Saturday, March 11, 2017

Rubies, roses, love

Virginia Woolf was so deeply impressed by her half-sister's engagement in 1896 that it formed her standard for love for the rest of her life. In her memoirs, she said new engagements always gave her the feeling of : "My Love's like a red, red rose, that's newly sprung in June,"  Mere affairs, or unofficial arrangements, didn't do it for her.

 Auntie Eve, centre, after her marriage to Uncle Len. Here she's surrounded by me and my siblings, with her own first child in the middle. Left to right, Diane, Betty, Auntie Eve, Victor, Larry, Brian, Carol. We are at Grandpa and Granny's place at Sylvan Lake, Alberta.

Virginia Woolf was 14 and recovering from a nervous breakdown after her mother's death when she first saw someone fall in love. From behind the folding doors of her family's London drawing room, she watched her half-sister Stella blossom during her engagement to a persistent young suitor called Jack Hills.

It was "so intense, so exciting, so rapturous" that it amounted to a vision -- "my first vision then of love between man and woman," she writes in her memoir, Moments of Being.

"It was to me like a ruby; the love I detected that winter of their engagement, glowing, red, clear, intense. It gave me a conception of love; a standard of love; a sense that nothing in the world is so lyrical, so musical, as a young man and a young woman in their first love for each other."

Woolf's description evoked the fizz in the air the summer that Uncle Len introduced us to the beautiful young woman who would become our Auntie Eve. We were staying at our grandparents' cottage at Sylvan Lake, when he brought his intended there to meet his parents. The newcomer had long blonde hair, usually pinned up; she had a German accent, and she was from somewhere "back east" -- all of which made her an exotic bird in a flock of wrens. But it was the fact that she and my uncle were to marry that turned the atmosphere electric.

Love! Marriage! I was young -- probably under 10 at the time -- and hadn't encountered many engaged people before. I knew nothing of the mysteries of marriage, but there it was -- a peculiar excitement that seemed to go with the idea of two once-strangers joining forces, joining families, to begin a new life.

For Woolf the novelist, her intense feelings around Stella and Jack were something to explore in her work. In To the Lighthouse, Paul and Minta, two young people visiting the Ramsay family at their summer beach house, become engaged, provoking different reactions in those around them.

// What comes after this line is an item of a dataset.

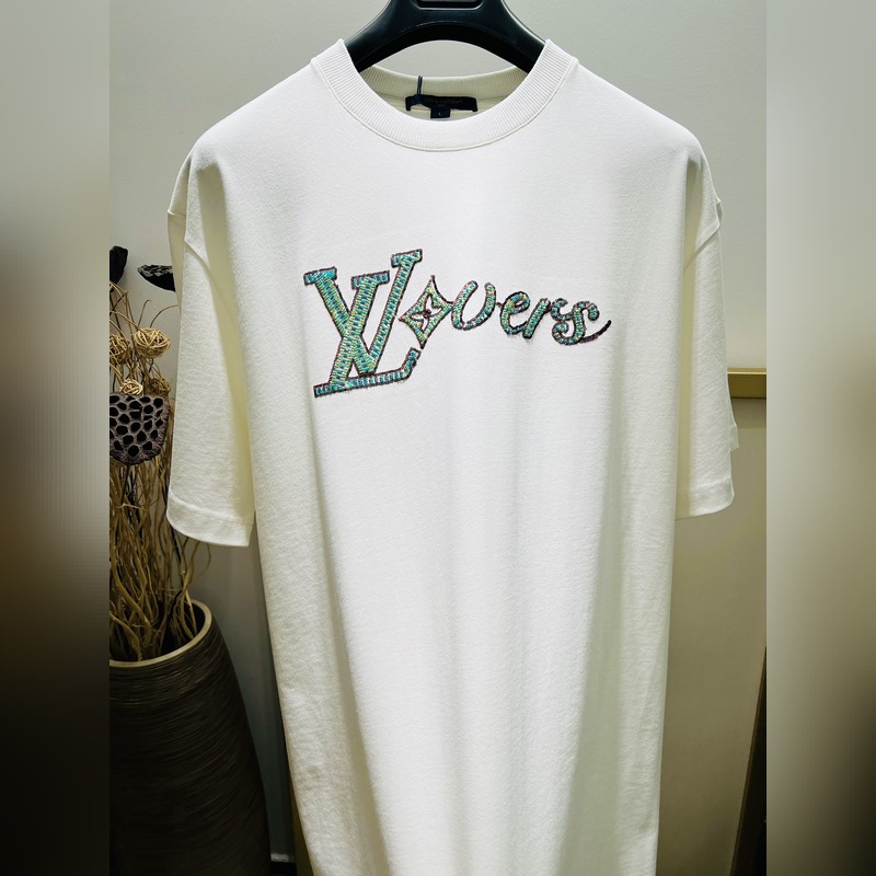 1V Louis Home 2024FW Spring/Summer Series Pharrell Donald Trump Press Conference Super Heavy Beads/Embroidery/Beading Logo Gradient Brand Letters Half Sleeve T-shirt Simple and Classic Heavy Washed Cotton Shows the Trendy Top Aura Rush Rush Rush

The eldest Ramsay daughter Prue, naive and being schooled for marriage, keeps looking at them over the dinner table "as if the sun of the love of men and women rose over the rim of the table-cloth and without knowing what it was she bent towards it." Her mother, Mrs. Ramsay, who had brought the couple together, has a sudden sense of being past it: "They had that -- Paul Rayley and Minta Doyle -- she, only this -- an infinitely long table and plates and knives . . . . She had a sense of being past everything, through everything, out of everything." Lily Briscoe, the rebel who does not want to marry, is drawn to the "emotion, the vibration, of love" even as she condemns it as the "stupidest, the most barbaric of human passions."

The excitement around the first flush of love is no predictor of how things will turn out: in the novel, Paul and Minta's marriage is a failure. In real life, Woolf's beloved half-sister died of peritonitis three months after her marriage in 1897. In my own world, the engagement of my aunt and uncle turned into a long and happy marriage that lasted until Uncle Len's death in 2015. I had only a glimpse of their beginning, but their engagement was a hint of the grown-up mysteries ahead. To me, they'll always be my Stella and Jack.



Uncle Len several years after his marriage to Auntie Eve, with baby Thom and Victor.

Auntie Eve's glamour shot. We always admired her blonde hair.